▶ _What you are asked to do_
From the first line to the last, return the data exactly, with no pictures.

▶ _Raw data_

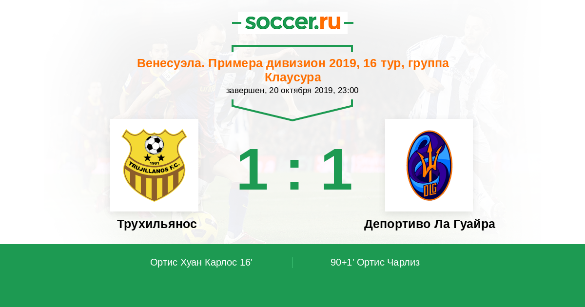 Протокол матча Трухильянос против Депортиво Ла Гуайра
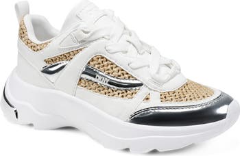 Woven and metallic accents bring playful mixed-media elements to this street-chic sneaker grounded by a chunky sole.
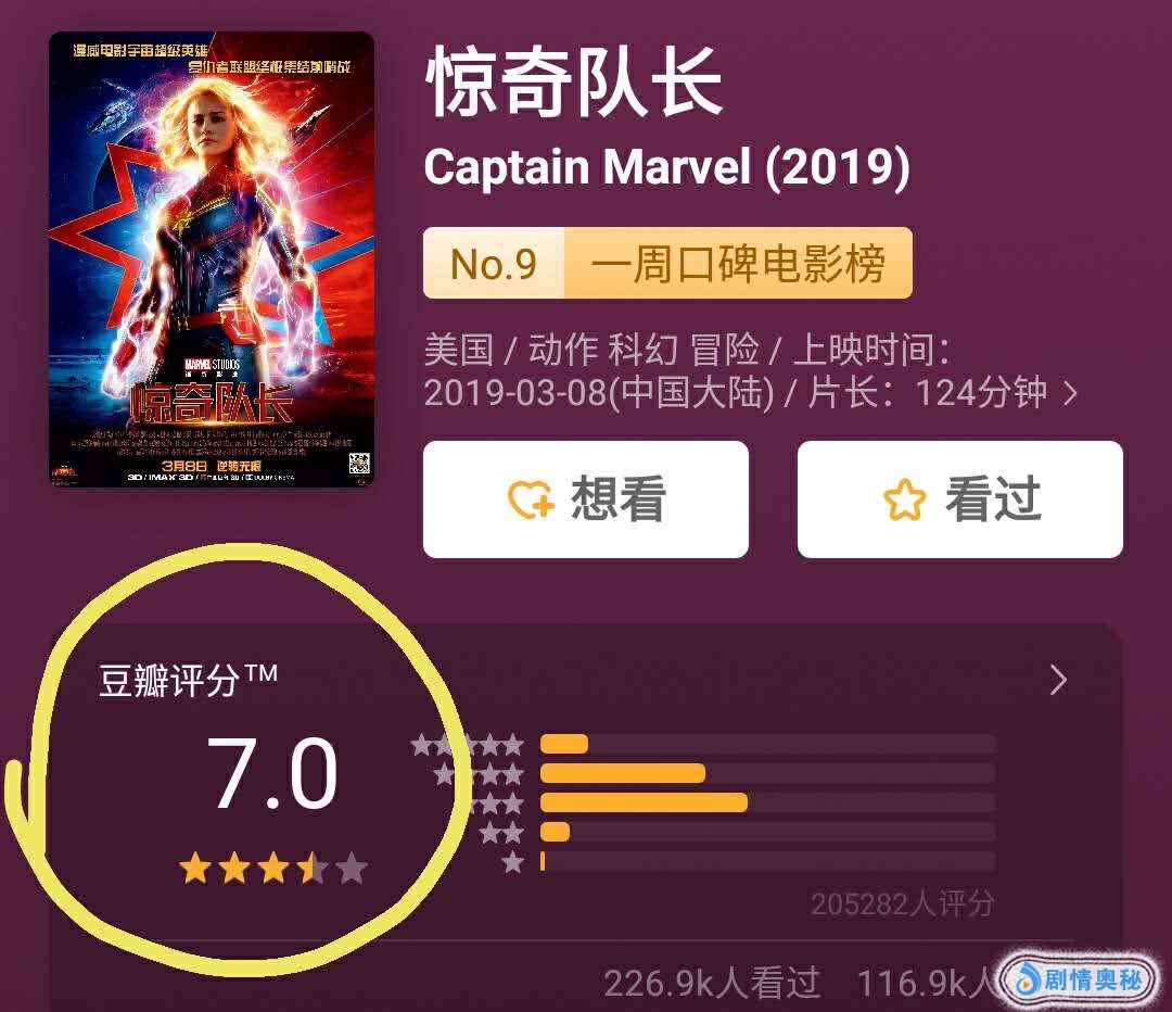 但《惊奇队长》票房飘红的背后,口碑却输了,豆瓣分数仅7.0,漫威电影罕有的低分。

▶ _Solved exercise_
 Протокол матча Трухильянос против Депортиво Ла Гуайра
 Woven and metallic accents bring playful mixed-media elements to this street-chic sneaker grounded by a chunky sole.
 但《惊奇队长》票房飘红的背后,口碑却输了,豆瓣分数仅7.0,漫威电影罕有的低分。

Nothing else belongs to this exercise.